A SYSTEMATIC APPROACH OF REGRESSION MODELS USING SKLEARN AND TENSORFLOW

Christian Masdeval - November 2017


In this kernel I will try to bring to you a resume of the analysis I have made in the House Prices dataset. My objective was to explore as many different predective models as possible trying to find the best one. It is divided in the following way:

    Understanding and cleaning the data
        Linear Regression Models
            Linear Regression
            Stochastic Gradient Descent
            Ridge
            Lasso
            Elastic Net
    Suport Vector Machine
    Neural Network
    Random Forests
    Gradient Boosting
    Deep Learning with TensorFlow
    Ensemble Technics

1 . Understanding and cleaning the data

First thing first. As mentioned by several authors, much of the work in make a good model is related to a good feature engineering process. It take a while until we start gain some significant intuition about what is going on but some steps are always present. I will describe what I did trying to stabilize the data and how I got to this decision. Anyway, I think the goals of this step that are always present in any dataset and should guide us are:

    Deal with missing values
    Select the best features

One more thing. As our objective is to analyze the test.csv file, create the submission file and upload it to kaggle, one premisse I have used was not to remove any single line from the test set. We must submit a result file with exactly the number of lines of the original test file.

What is the data

There are excellent kernels showing how to get a glimpse of the data (like Comprehensive data exploration with Python). Most of them have used programming languages like R ore Python to extract useful visualizations. I would also suggest to use the Weka tool to do that. I could get excellent insights about the data via Weka.

We should also look the data dictonary when available. In our case it exists and bring important informations:

    *The categorical and numerial fields
    *The description of each one
    *That there is a category called NA to denote the absence of some characteristic (and Python also use NA)
    *That there are some categorical fields that have only numerical values (and Python will interpret them as numbers)

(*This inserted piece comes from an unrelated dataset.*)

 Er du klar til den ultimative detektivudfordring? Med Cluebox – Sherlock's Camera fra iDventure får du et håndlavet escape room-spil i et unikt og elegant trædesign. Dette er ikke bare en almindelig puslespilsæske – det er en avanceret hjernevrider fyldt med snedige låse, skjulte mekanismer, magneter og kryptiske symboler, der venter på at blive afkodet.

Categorical field with numerical values

    OverallQual: Rates the overall material and finish of the house

       10	Very Excellent
       9	Excellent
       8	Very Good
       7	Good
       6	Above Average
       5	Average
       4	Below Average
       3	Fair
       2	Poor
       1	Very Poor    


Value NA being used as a category

    Alley: Type of alley access to property

       Grvl	Gravel
       Pave	Paved
       NA 	No alley access

Missing values

Maybe the most common problem in real datasets is the presence of null values and most of the implementations of the regression algorithms break in the presence of them. Sometimes, instead of a blank in the position, a wildcard is used like ? or NA. However, as we see above, in the House Prices example the value NA is being used to denote other kind of information, what is a problem. So, our first attempt will be to exchange these NA values to the value 'No', denoting the absence of some characteristic.

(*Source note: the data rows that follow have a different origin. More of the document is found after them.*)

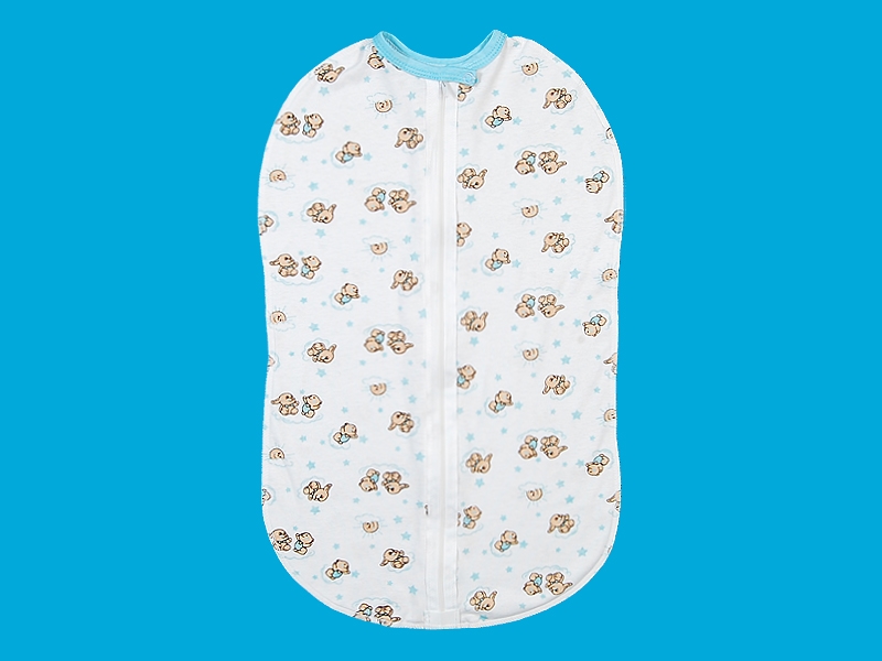 Пеленка - конверт (<<кокон>>) из тонкого трикотажного полотна (кулирка). Застежка - молния, не соприкасающаяся с телом ребенка, горловина обработана бейкой с застежкой на кнопку, не прилегающая к телу. Швы на лицевую сторону. Размер 51х29 см, на возраст от 0 до 3 месяцев.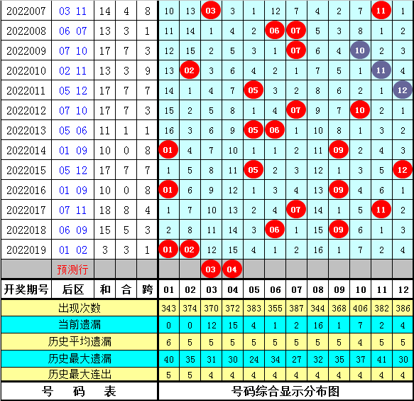 后区号码:上期出现全小组合,本期继续关注全小开出,参考号码:03 04。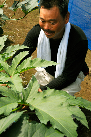 宗孝さんは、この地で農業を営む11代目。栽培した野菜の7割は、畑の入口で直販をしている。

Fisrt, lets see what are the missing values

In [15]:
from sklearn import preprocessing
import matplotlib.pyplot as plt
import numpy as np
import pandas as pd
from sklearn.feature_extraction import DictVectorizer
import seaborn as sns
import warnings
from scipy.stats import norm
from scipy import stats
warnings.filterwarnings('ignore')

np.set_printoptions(threshold=np.nan) #to print all the elements of a matrix
pd.set_option('display.max_rows', 2000)#to print all the elements of a data frame

%matplotlib inline
    
df = pd.read_csv("train.csv",na_values=['?',''],delimiter=',',delim_whitespace=False)
df_test = pd.read_csv("test.csv",na_values=['?',''],delimiter=',',delim_whitespace=False)


In [16]:
print("Shape of training set: ", df.shape)
print("Shape of test set: ", df_test.shape)
data_aux = df.append(df_test) #merging the two datasets to facilitate the cleaning
print("Missing values before remove NA: " , data_aux.columns[data_aux.isnull().any()])

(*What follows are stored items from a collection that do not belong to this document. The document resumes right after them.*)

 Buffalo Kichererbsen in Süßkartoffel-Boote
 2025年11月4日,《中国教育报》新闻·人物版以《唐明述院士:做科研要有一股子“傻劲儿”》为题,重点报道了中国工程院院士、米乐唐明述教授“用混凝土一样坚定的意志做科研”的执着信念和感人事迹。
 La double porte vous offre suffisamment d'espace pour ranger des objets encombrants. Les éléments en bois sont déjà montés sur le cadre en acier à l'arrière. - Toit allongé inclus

Shape of training set:  (1460, 81)
Shape of test set:  (1459, 80)
Missing values before remove NA:  Index(['Alley', 'BsmtCond', 'BsmtExposure', 'BsmtFinSF1', 'BsmtFinSF2',
       'BsmtFinType1', 'BsmtFinType2', 'BsmtFullBath', 'BsmtHalfBath',
       'BsmtQual', 'BsmtUnfSF', 'Electrical', 'Exterior1st', 'Exterior2nd',
       'Fence', 'FireplaceQu', 'Functional', 'GarageArea', 'GarageCars',
       'GarageCond', 'GarageFinish', 'GarageQual', 'GarageType', 'GarageYrBlt',
       'KitchenQual', 'LotFrontage', 'MSZoning', 'MasVnrArea', 'MasVnrType',
       'MiscFeature', 'PoolQC', 'SalePrice', 'SaleType', 'TotalBsmtSF',
       'Utilities'],
      dtype='object')


Now, lets replace NA for No where appropriate and search for the missing values again.

In [17]:
#Alley
data_aux.Alley.fillna(inplace=True,value='No')

#BsmtQual
data_aux.BsmtQual.fillna(inplace=True,value='No')

#BsmtCond
data_aux.BsmtCond.fillna(inplace=True,value='No')

#BsmtExposure
data_aux.BsmtExposure.fillna(inplace=True,value='No')

#BsmtFinType1
data_aux.BsmtFinType1.fillna(inplace=True,value='No')

#BsmtFinType2
data_aux.BsmtFinType2.fillna(inplace=True,value='No')

#FireplaceQu
data_aux.FireplaceQu.fillna(inplace=True,value='No')    

#GarageType
data_aux.GarageType.fillna(inplace=True,value='No')

#GarageFinish
data_aux.GarageFinish.fillna(inplace=True,value='No')

#GarageQual 
data_aux.GarageQual.fillna(inplace=True,value='No')
    
#GarageCond
data_aux.GarageCond.fillna(inplace=True,value='No')

#PoolQC
data_aux.PoolQC.fillna(inplace=True,value='No')
    
#Fence
data_aux.Fence.fillna(inplace=True,value='No')

#MiscFeature
data_aux.MiscFeature.fillna(inplace=True,value='No')
    
print("Missing values after insert No, i.e., real missing values: " , data_aux.columns[data_aux.isnull().any()])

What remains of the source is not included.